#### [WHAT YOU WILL DO]
Every record below should be printed exactly, except for the pictures.

Records from a data source:
'''

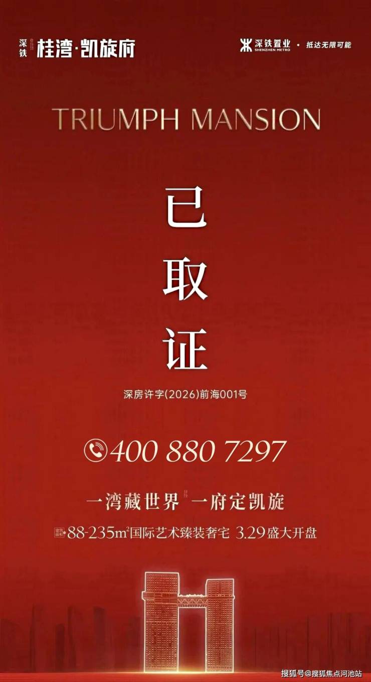 最新消息:属于前海时代TOD综合体的收官住宅地块【桂湾·凯旋府】(备案名:深铁前海时代广场)今日正式拿证,3月29日选房,推88-126㎡中小户型,精装高性价比纯住宅!
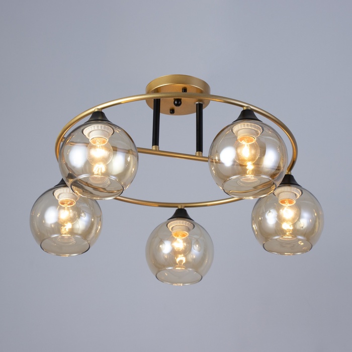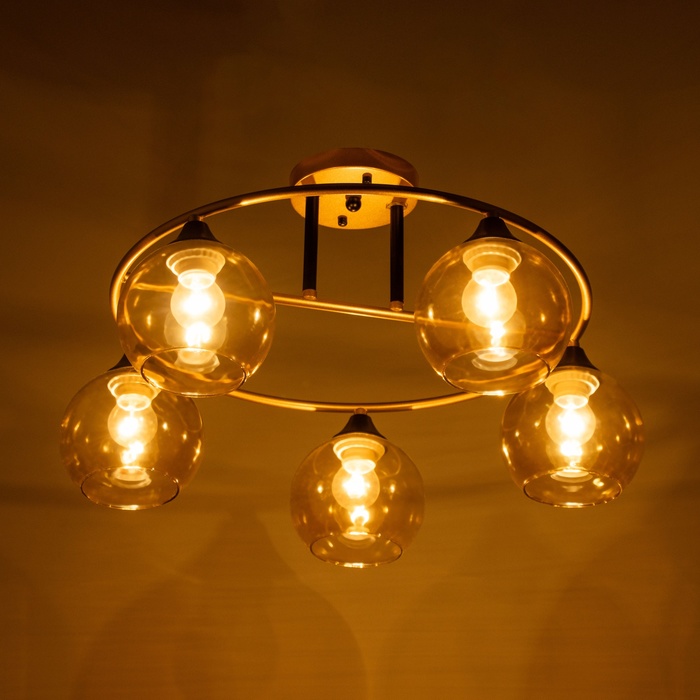 Благодаря продуманному дизайну, люстра сочетает в себе функциональность и эстетику. Металлическое золотое основание сохраняет презентабельный внешний вид долгие годы. Прозрачные стеклянные плафоны легко очищаются от пыли, облегчая уход за светильником.
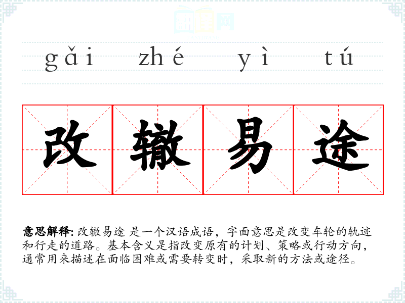 改辙易途 是一个汉语成语,字面意思是改变车轮的轨迹和行走的道路。基本含义是指改变原有的计划、策略或行动方向,通常用来描述在面临困难或需要转变时,采取新的方法或途径。
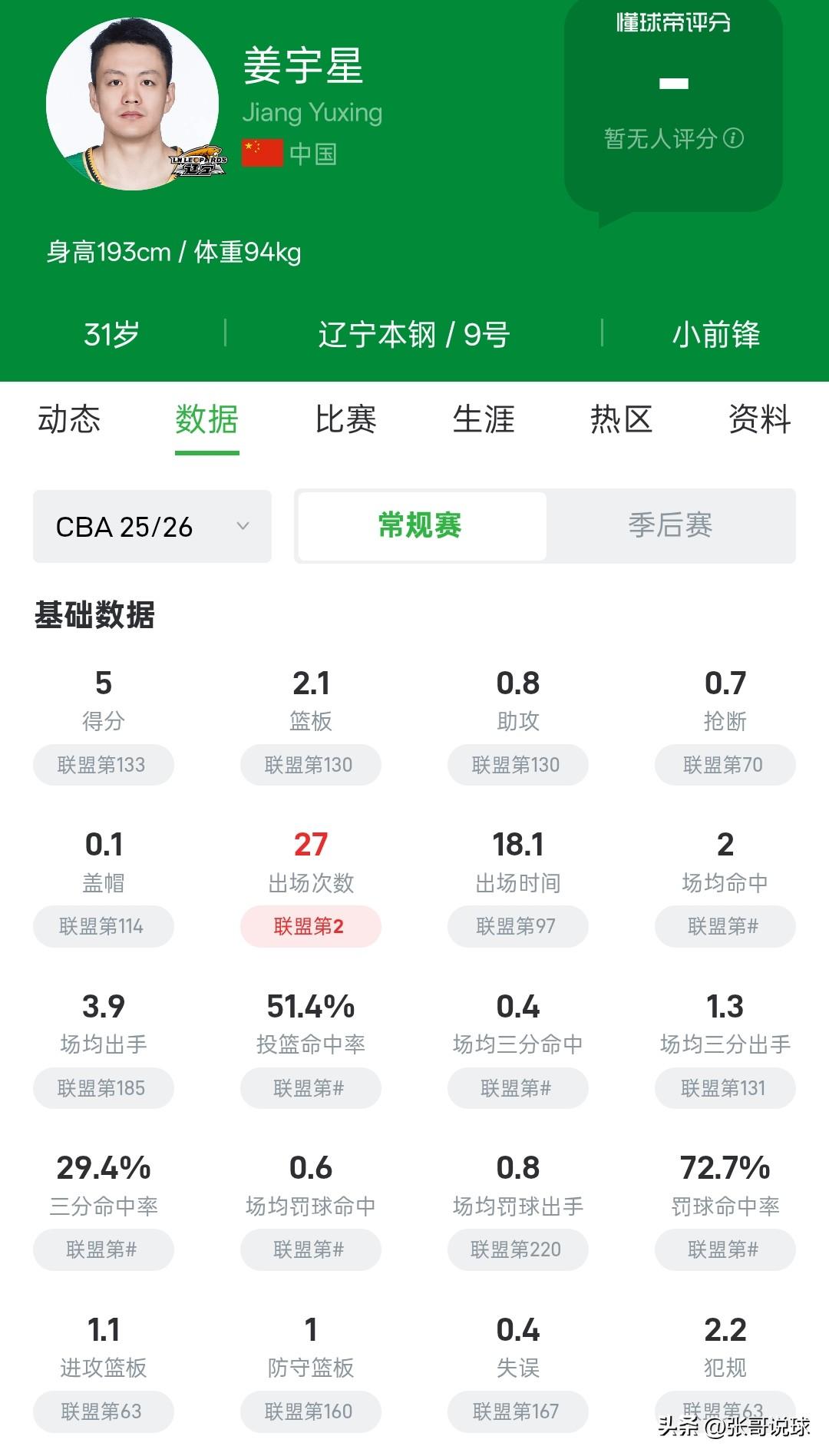姜宇星连轮转阵容都进不去了,姜宇星这个赛季加盟辽宁,赛季开始的时候表现中规中矩,偶尔能投进一个三分,随着联赛深入出手次数越来越少,上场时间越来越少。 辽宁队战胜广东和广州的比赛姜宇星跌出轮转阵容,辽宁队目前是6连胜,姜宇星这个赛季很难再有机会,吴昌泽的处境更差,也是无球可打,这俩人在吉林都风生水起。 姜宇星自进入联盟以来一直得分上双,在吉林队时单赛季场均得分16分左右,本赛季只能拿到5分,吴昌泽数据也断崖式下降。
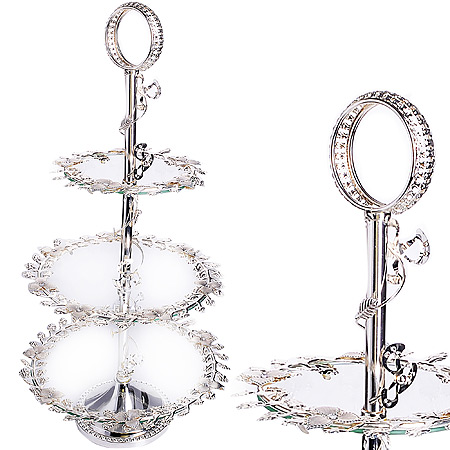 Элегантная конфетница MAYER & BOCH выполнена из высококачественного стекла. Конфетница состоит из 3-х ярусов разного размера и предназначена для красивой сервировки конфет, фруктов и десертов. Ярусы конфетницы оформлены оригинальными серебряными веточками из цветов. Стойка-держатель конфетницы выполнена из металла с серебряным покрытием.
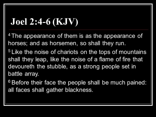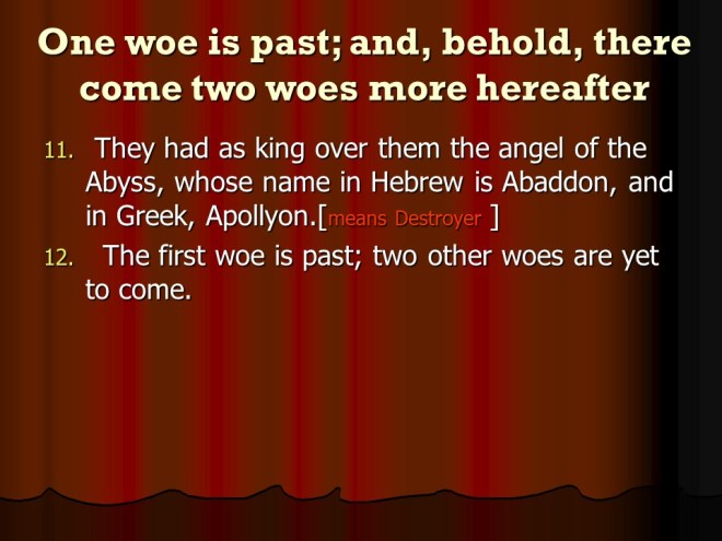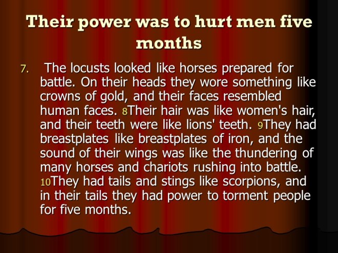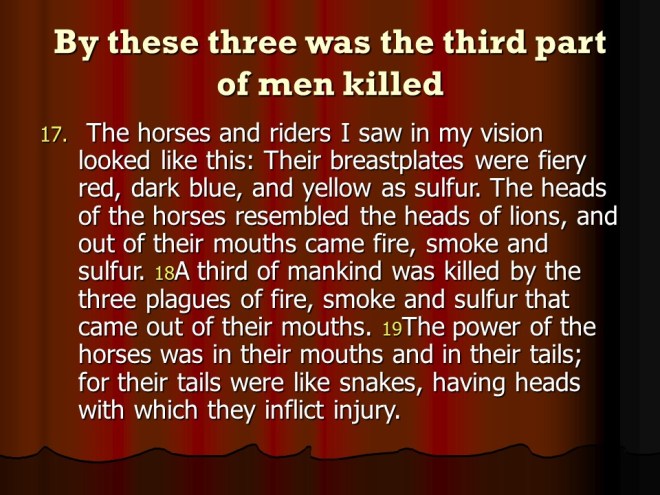 Revelation 9. By now we are deep into the last half of the tribulation, the fifth trumpet sounded and the locusts from the bottomless pit are released. Then the sixth trumpet sounded, featuring the angels from the Euphrates doing horrendous deeds. An army of two hundred million mounted troops were released to kill a third of mankind. When the Apostle John wrote this the total world population was about 250 million!

'''

#### [ANSWER BOX]
 最新消息:属于前海时代TOD综合体的收官住宅地块【桂湾·凯旋府】(备案名:深铁前海时代广场)今日正式拿证,3月29日选房,推88-126㎡中小户型,精装高性价比纯住宅!
 Благодаря продуманному дизайну, люстра сочетает в себе функциональность и эстетику. Металлическое золотое основание сохраняет презентабельный внешний вид долгие годы. Прозрачные стеклянные плафоны легко очищаются от пыли, облегчая уход за светильником.
 改辙易途 是一个汉语成语,字面意思是改变车轮的轨迹和行走的道路。基本含义是指改变原有的计划、策略或行动方向,通常用来描述在面临困难或需要转变时,采取新的方法或途径。
姜宇星连轮转阵容都进不去了,姜宇星这个赛季加盟辽宁,赛季开始的时候表现中规中矩,偶尔能投进一个三分,随着联赛深入出手次数越来越少,上场时间越来越少。 辽宁队战胜广东和广州的比赛姜宇星跌出轮转阵容,辽宁队目前是6连胜,姜宇星这个赛季很难再有机会,吴昌泽的处境更差,也是无球可打,这俩人在吉林都风生水起。 姜宇星自进入联盟以来一直得分上双,在吉林队时单赛季场均得分16分左右,本赛季只能拿到5分,吴昌泽数据也断崖式下降。
 Элегантная конфетница MAYER & BOCH выполнена из высококачественного стекла. Конфетница состоит из 3-х ярусов разного размера и предназначена для красивой сервировки конфет, фруктов и десертов. Ярусы конфетницы оформлены оригинальными серебряными веточками из цветов. Стойка-держатель конфетницы выполнена из металла с серебряным покрытием.
 Revelation 9. By now we are deep into the last half of the tribulation, the fifth trumpet sounded and the locusts from the bottomless pit are released. Then the sixth trumpet sounded, featuring the angels from the Euphrates doing horrendous deeds. An army of two hundred million mounted troops were released to kill a third of mankind. When the Apostle John wrote this the total world population was about 250 million!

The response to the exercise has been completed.